Due to introduction of BMDCs as a new messenger, the concept of metastatic niches allows us to remove the contradictions enumerated in the beginning of this section. This concept also opens great prospects for control of metastasis. However, the metastatic niche theory is still not a completed concept. In particular, it remains unclear what specific events trigger the formation of a metastatic niche, i.e. lead to accumulation of fibronectin and changes in the endothelium favorable for BMDC homing. The formation of a metastatic niche is usually described as a process depending on the primary tumor (Peinado et al. 2011). However, it is well known from experimental oncology that intravenous injection of cells of some tumors can induce development of metastases in internal organs, and in some cases with a rather specific (mono-organ) location. This indicates that metastatic niches can be formed due to processes independent of the development of the primary tumor node, but due to some other physiological or pathophysiological reaction. Note that the theory of metastatic niches describes the formation of metastases in general not considering the question why metastases are formed mainly in particular “typical” sites and why the location of metastases and the type of metastatic disease vary in different patients. The known factors synthesized by the tumor and regulating the development of the niche (LOX, MIP-2, VEGFA, TGFβ, TNFα) are not organ-preferential. Nevertheless, Kaplan et al. (2005) and Hiratsuka et al. (2008) have attempted to study this problem experimentally. Mice with grafted Lewis lung carcinomas were injected with conditioned medium from melanoma B16 cells characterized by generalized non-selective metastasis, and as a result metastatic niches and micrometastases developed in various organs and tissues, including such atypical locations as the oviducts (Psaila and Lyden 2009). However, the molecular mechanisms underlying the phenomenon observed by D. Lyden’s group are still unclear.

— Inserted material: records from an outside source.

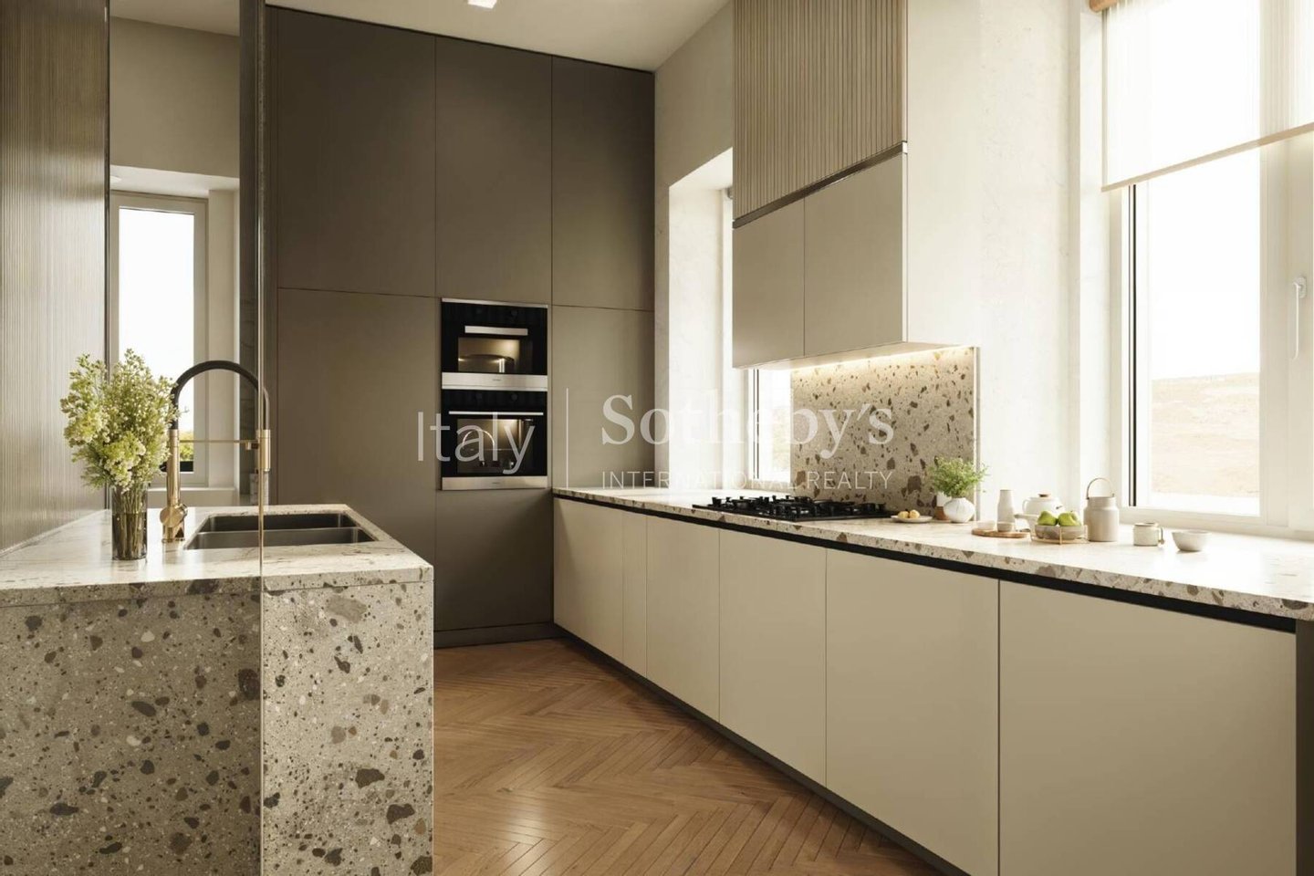 Die Wohnung, die über einen Aufzug erreichbar ist, wird vollständig renoviert übergeben, mit hochwertigen Materialien und Ausstattungen, die den historischen Charme der Villa mit zeitgenössischem Design und moderner Technik verbinden.
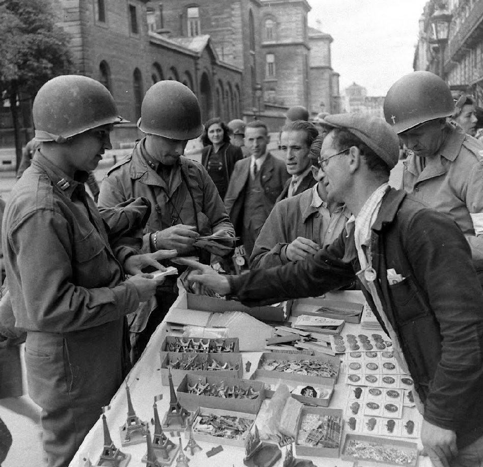 Как побывать в Париже и не привезти оттуда Эйфелеву башню? Американские солдаты покупают сувениры. 1944 год
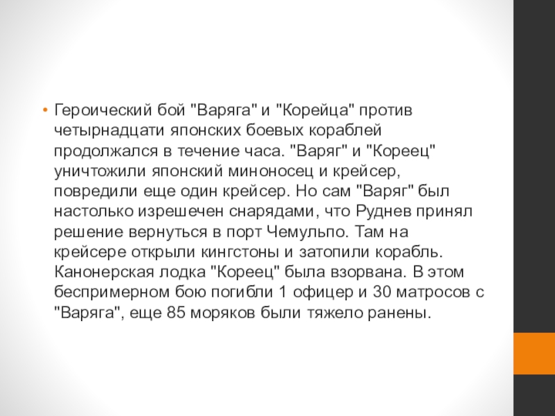 в течение часа. "Варяг" и "Кореец" уничтожили японский миноносец и крейсер, повредили еще один крейсер. Но сам "Варяг" был настолько изрешечен снарядами, что Руднев принял решение вернуться в порт Чемульпо. Там на крейсере открыли кингстоны и затопили корабль. Канонерская лодка "Кореец" была взорвана. В этом беспримерном бою погибли 1 офицер и 30 матросов с "Варяга", еще 85 моряков были тяжело ранены.

We think that the questions presented above might be answered taking into account the events preceding the formation of a premetastatic niche as it is and to suppose that these events should be based on a physiological or pathophysiological process more or less independent of the development of the primary tumor node. The overall in situ conditions that precede the formation of a premetastatic niche (recruiting BMDCs into the target organ) and determine the localization of a future metastasis is reasonable to term as a “preniche”. It is important to note that we think the preniche plays a key role in BMDC homing and also is essential for emigration of tumor cells from the blood flow.

Considering the most frequent locations of metastases, it becomes evident that they have one feature in common: they have a large pool of organ-specific macrophages (Kupffer cells in the liver, alveolar macrophages in lungs and microglia in the brain, peritoneal and bone marrow macrophages, lymph node macrophages). This feature is not characteristic of the heart, gastrointestinal tract organs, skeletal muscles, kidneys, or gonads – and in these organs solitary metastases occur relatively seldom. Obviously, the endothelium of these organs has to be adapted to an active immigration into them of macrophage precursors under both normal and inflammation conditions when the need for restitution of the physiological macrophage pool is especially strong.